═════ Collected data

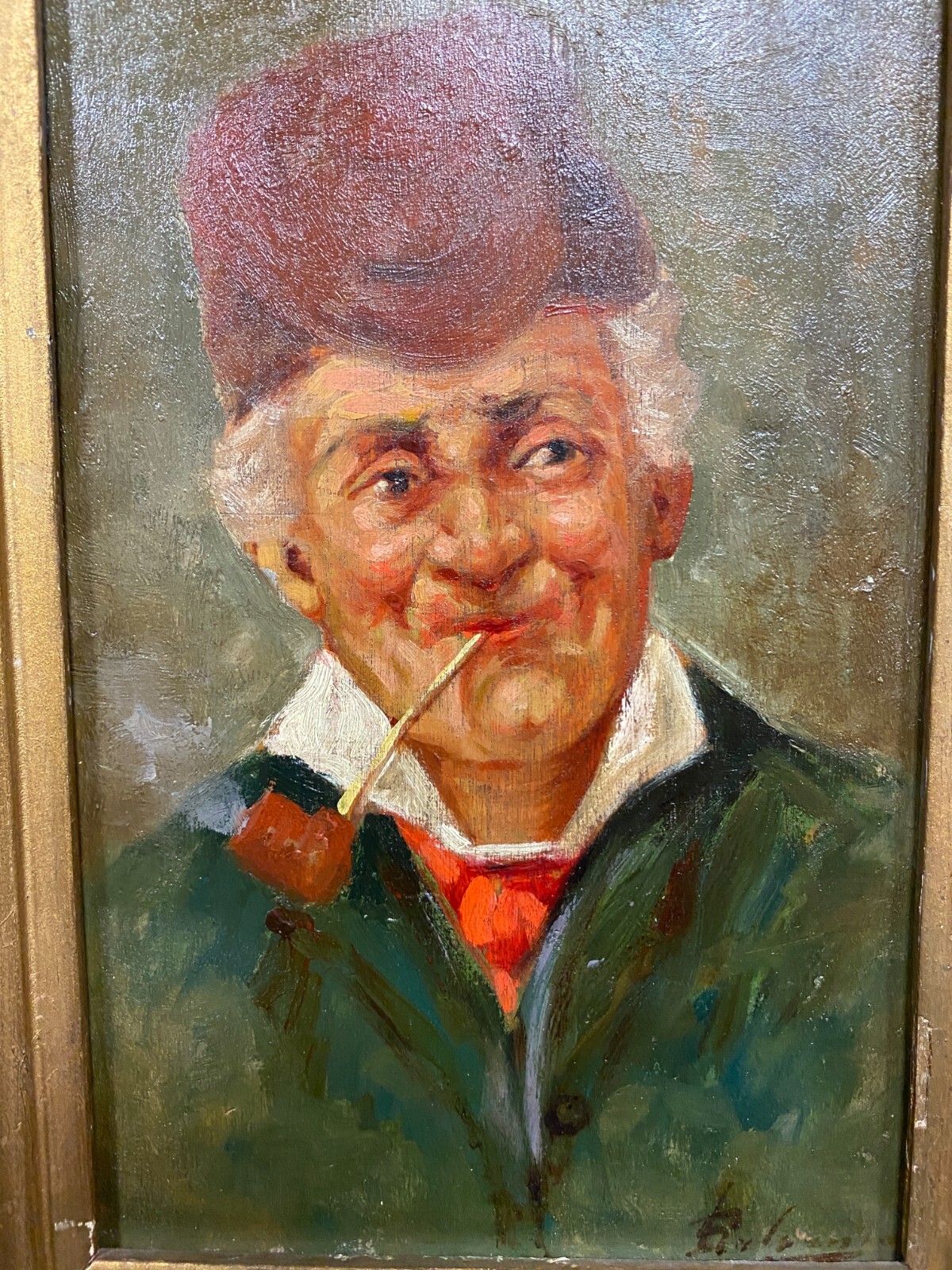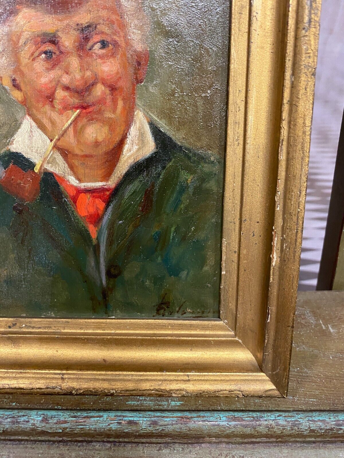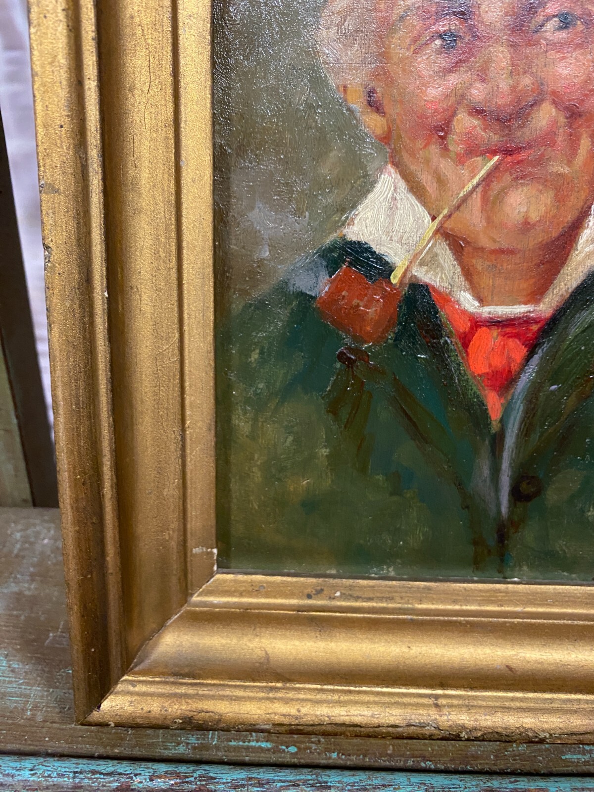 ÖLGEMÄLDE PORTRAIT MANN MIT PFEIFE GEMÄLDE GERAHMT SIGNIERT
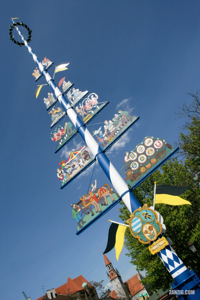 MAY 2006 – The traditional Maibaum (May Tree) marks the center of the Viktualienmarkt in Munich, Germany. Photo © by Mark Zanzig/zanzig.com
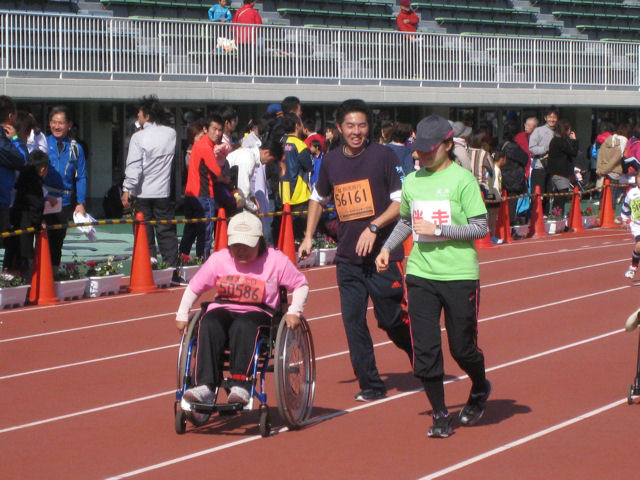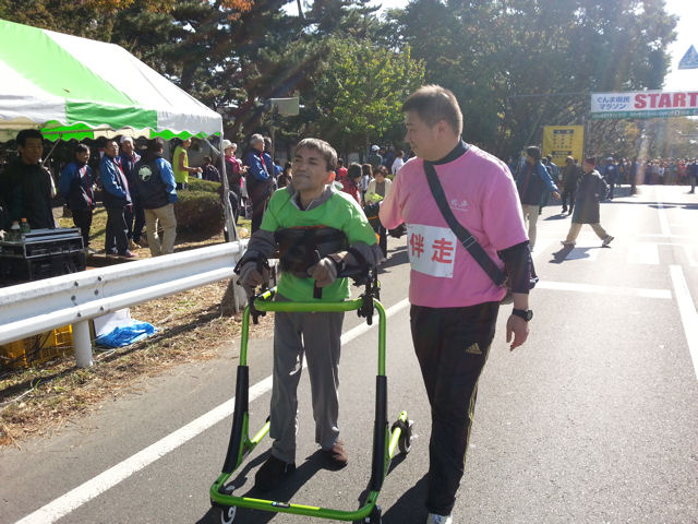 1年前入院中の骨折で車いす生活となりました。医者からは歩くことは難しいと宣告されましたが、半年前より生活介護班日中活動で歩行器(ゲートトレーナー)での歩行練習を行い県民マラソンに出場。目標の2㎞を大幅に越えて笑顔で4㎞を完歩しました。

══════════

Copy, exactly and exclusively, the lines beginning with the one that contains "MAY 2006 – The" and ending with the last line of the listing; pictures are to be omitted.

**Answer section:**
 MAY 2006 – The traditional Maibaum (May Tree) marks the center of the Viktualienmarkt in Munich, Germany. Photo © by Mark Zanzig/zanzig.com
 1年前入院中の骨折で車いす生活となりました。医者からは歩くことは難しいと宣告されましたが、半年前より生活介護班日中活動で歩行器(ゲートトレーナー)での歩行練習を行い県民マラソンに出場。目標の2㎞を大幅に越えて笑顔で4㎞を完歩しました。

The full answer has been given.